Inequality 4.

By and large, in recent years the upper income groups have collected most of the profits from economic growth while everyone else has lived with stagnant incomes. How much effect in monetary terms has that monopolization of growth had? According to one calculation, if the top one-percent still received the same share of income that they received in 1979, then every other family could have received a cheque for $7,105.[1]

However, compare this with another form of inequality. If incomes have stagnated for most people, so has educational attainment.          In 1900, about 11 percent of Americans aged 14 to 17 attended high school. By 1950, 75 percent of that age group attended high school. That was about double the European rate. The G.I. Bill (1944) carried the American lead forward into college education by financing college education for veterans (among other things). Then something started to go wrong in the 1970s. Male graduation rates for four-year colleges began to decline. Essentially, women have taken up the slack in educational attainment. Unfortunately, this coincided with the decline in heavy industry that paid good wages for people without a college education.

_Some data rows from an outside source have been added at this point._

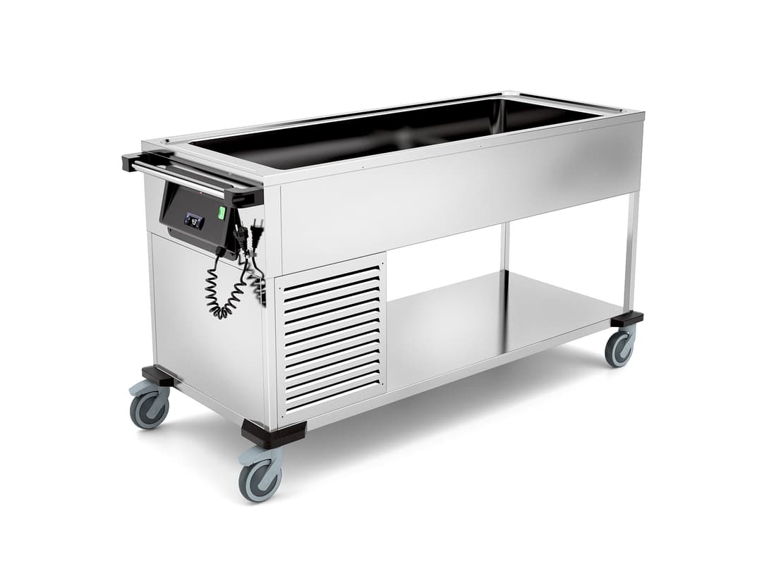 Carro en acero inoxidable AISI 304 con bañera única moldeada y esquinas redondeadas capacidad 2 o 3 GN 1/1 h200mm (cubas GN no incluidas). Equipado con aislamiento de doble pared y grifo de descarga. Panel de mandos ergonómico orientado hacia el operador y extraíble para un fácil mantenimiento completo de interruptor luminoso y termostato digital. Equipado con mango de empuje aislado con soportes de plástico y gancho cómodo para el cable en espiral cuando no está en uso. Cada carro tiene 4 protectores de esquina antihuellas y 2 ruedas con freno de serie.
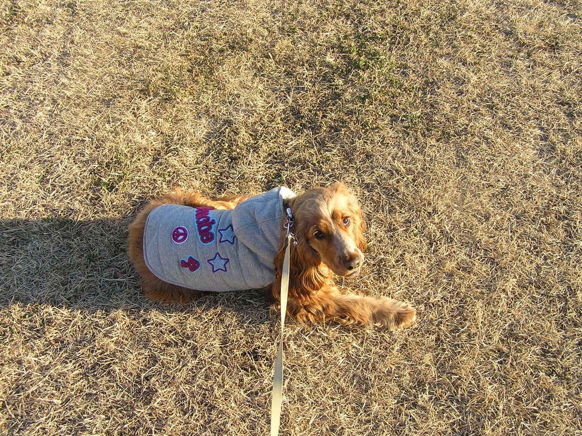 帰ってきて、熱い熱〜いビートお出迎え。早速、買った服を着て、散歩へ行こうね。ウーウー何唸ってるのビート。今ママが服を着させている所なんだから落ち着いて。と四苦八苦しながら、着せているうち、服が小さい事に気がついた。だから、唸ってたのね。仕方なくボタンをかけられる3カ所だけして、あとははずしたまま、散歩へ。なんてことでしょう。せっかく買って、サイズもOKと思ったはずが。やはり試着しないと無理なのでしょうか。こんなんじゃ絶対ネットでなんか買えないよー。意地でも着ようねビート。かわいいんだから。僕は意地でも着たくないよー。だよね。
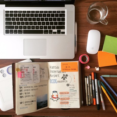 记录的时候,往往会使用贴纸、和纸胶带或者是简笔画进行装饰,让版面看起来更赏心悦目。照片、名片、车票、收据…. 一切你想要记录留住的事物,都可以贴到手账里,这些美好事物就变成你手账里可以随时回忆的一页。
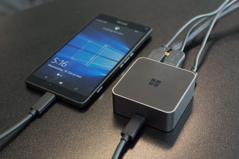 Or you can use the Microsoft Display Dock. This tiny device has a USB-C port at the front to connect your Lumia. On the back, given the 64.1mm width (just 2.5 inches), is an almost dizzying array of ports, including three USB 2.0 ports, an HDMI out, DisplayPort out and another USB-C connection to provide power.
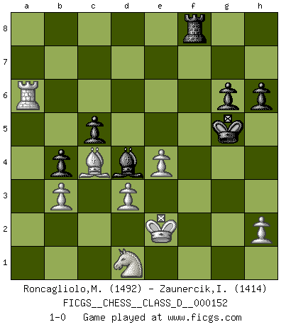 Last move : 1-0 2010 July 25 18:45:18 [Event "FICGS__CHESS__CLASS_D__000152"] [Site "FICGS"] [Date "2010.06.24"] [Round "1"] [White "Roncagliolo,Marco"] [Black "Zaunercik,Ilmar"] [Result "1-0"] [WhiteElo "1492"] [BlackElo "1414"] 1.e4 c5 2.Nf3 d6 3.d4 cxd4 4.Nxd4 Nc6 5.Nc3 Nf6 6.Bc4 g6 7.Be3 Ng4 8.Qd2 Nxe3 9.Qxe3 Bg7 10.Nxc6 bxc6 11.O-O O-O 12.Rad1 Qb6 13.Qxb6 axb6 14.Rd3 b5 15.Bb3 b4 16.Nd1 Ba6 17.Re1 Bxd3 18.cxd3 Bd4 19.Kf1 c5 20.f4 e6 21.Ke2 e5 22.g3 Kg7 23.Rf1 f5 24.Bd5 Rxa2 25.fxe5 dxe5 26.Bxa2 f4 27.gxf4 Ra8 28.Bc4 Kf6 29.fxe5+ Kxe5 30.Rf7 h6 31.Re7+ Kf6 32.Re6+ Kg5 33.Ra6 Rf8 34.b3 1-0 Sicilian Kingside Castling by player White (move 11) Kingside Castling by player Black (move 11) Player White won this chess game. Follow this game move after move (download)You know, comrade Pachman, I don't enjoy being a Minister, I would rather play Chess like you. (Che Guevara) Als er Schachweltmeister wurde ließ er praktisch alle stärksten Sovietspieler für sich arbeiten. Wenn ein auch nur mittelmässiger Meister ein Spezialist für eine bestimmte Eröffnung war, wurde er von Karpov gerufen. Das wurde alles geheim gehalten. (Mikhail Moiseyevich Botvinik) El hombre es un frívolo, una creatura engañosa y como un jugador de Ajedrez, se preocupa mas por el proceso de obtener su meta que de la meta por sí misma. (Dostoyevsky) Des idées, des idées, j'en ai cent, j'en ai mille. Des bonnes, des mauvaises, applicables, irréalisables... Il suffit de faire le tri ! (Roos) Life is pain my dear and anyone who says otherwise is selling something. (Princess Bride)
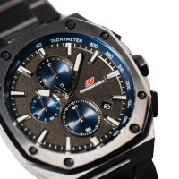 Корпус: Корпус выполнен из нержавеющей стали AISI 304, придающей часам особую прочность и стойкость от повреждений с IP покрытием серого цвета. Часовые индексы и стрелки с покрытием SuperLuminova, которое обеспечивает подсветку в темное время суток. Циферблат серого/синего цвета многослойный, словно 3D, основа покрыта металлизированной пудрой, для придания эффекта шершавости. Упрочненное минеральное стекло Hardlex(разработанное компанией Seiko Watch Corporation, которое обладает высокой устойчивостью к ударам и царапинам, около 7 баллов по шкале Мооса). Размер корпуса: 44 мм. Водонепроницаемость: 100 м.
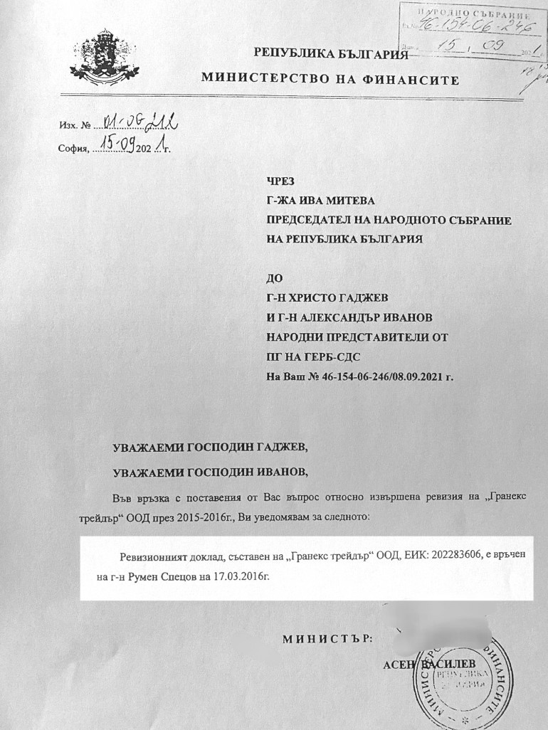 “Г-н Румен Спецов на 17 март 2016 г. е получил и подписал ревизионния акт на фирмата “Гранекс Трейдър”, посочи Гаджев.
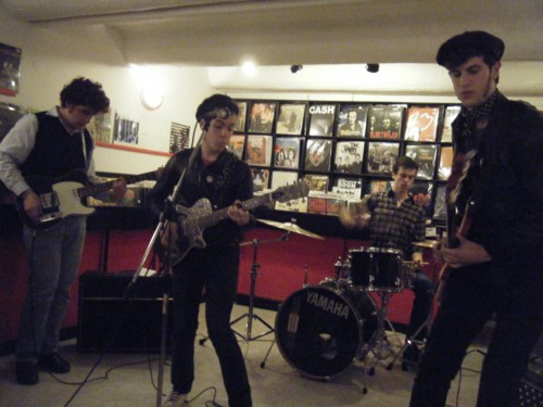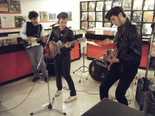 Grosse soirée en perspective pour les Jolis qui organisent aujourd'hui la "Release Party" de leur bien ... joli premier vinyl. Ils commencent par un showcase au Lollipop Music Store, devant ce qu'on pourrait appeler le gratin de la scène punqueroque locale (en tout cas une partie représentative). Pas tout ça d'avoir 4 lignes dans Rock'n'Folk (on se demande bien comment d'ailleurs ?), mais il y a des passages obligés vers la gloire et c'en est un, indéniablement, qu'une Release Party Lollipop/Machine à Coudre...
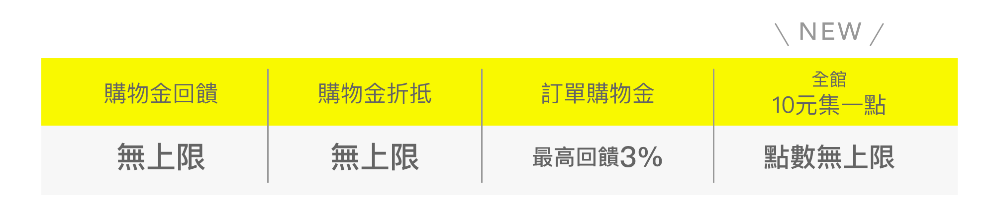 註1:實際消費金額以官網每筆購物車之(扣除運費後)訂單金額結算。
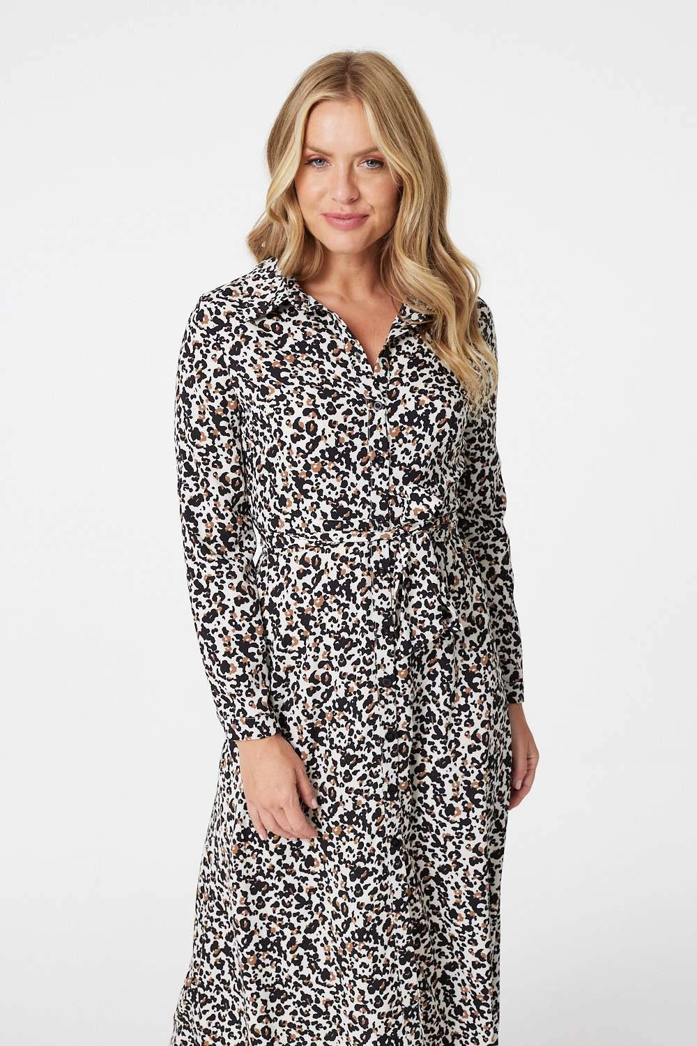 No closet is complete without a shirt dress like this bold animal print look. With a v-neck, classic collar, long sleeves, a self-tie belt, a button front and an a-line midi skirt. Style with strappy heels for a smart event or drinks with the girls or for a bold weather friendly look style with knee high boots and an oversized coat.

The educational differential both is and isn’t generational. Of Americans born between 1950 and 1959, 42 percent have a college degree. Of Americans born between 1980 and 1989, 44 percent have a college degree. However, only 30 percent of Americans reach a higher level of education than did their parents. Among 25-34 year-olds, 20 percent of men and 27 percent of women have made the big jump from parents who didn’t finish high school to having a college degree.

The differential is linked to social class. From the mid-1970s and the mid-1990s, college graduation rates for those in the top 25 percent of income groups rose from 36 percent to 54 percent; rates for those in the bottom 25 percent rose only from 5 percent to 9 percent. Between the early 1980s and the early 2000s, college attendance rates for people from the top 25 percent of income groups rose to be 15 to 25 percent higher than for those in the bottom 25 percent.

Why do these figures matter? They matter because, on average, Americans with a college degree are paid 74 percent more than those with only a high school degree. Between 1979 and 2012, the difference between the incomes of families headed by college graduates and families headed by high-school graduates grew by $30,000.

Education isn’t working as a vehicle for social mobility. It is starting to do the opposite.

The causes of this stagnation are complex. For one thing, middle class students go to much better schools than do lower class students. The middle class students come out less unprepared for college than do lower class students, usually markedly less unprepared. For another thing, college costs more in the United States than it does most places, and cuts in already inadequate support for public colleges have thrown even more of a burden on families.

If you think that a BA or more makes for a highly skilled work force, then expanding the percentage of Americans who are college graduates is vital for improving the quality of the American work force. If you think that international competitiveness in a globalized economy is vital for American prosperity, then improving the quality of the American labor force is essential.

Which of these two forms of inequality is worse for the country? This isn’t an attempt to divert attention from one form of inequality on behalf of the “one-percent.” It is an effort to get people to pay attention to complex fundamental problems.

[1] Eduardo Porter, “”Equation Is Simple: Education = Income,” NYT, 11 September 2014.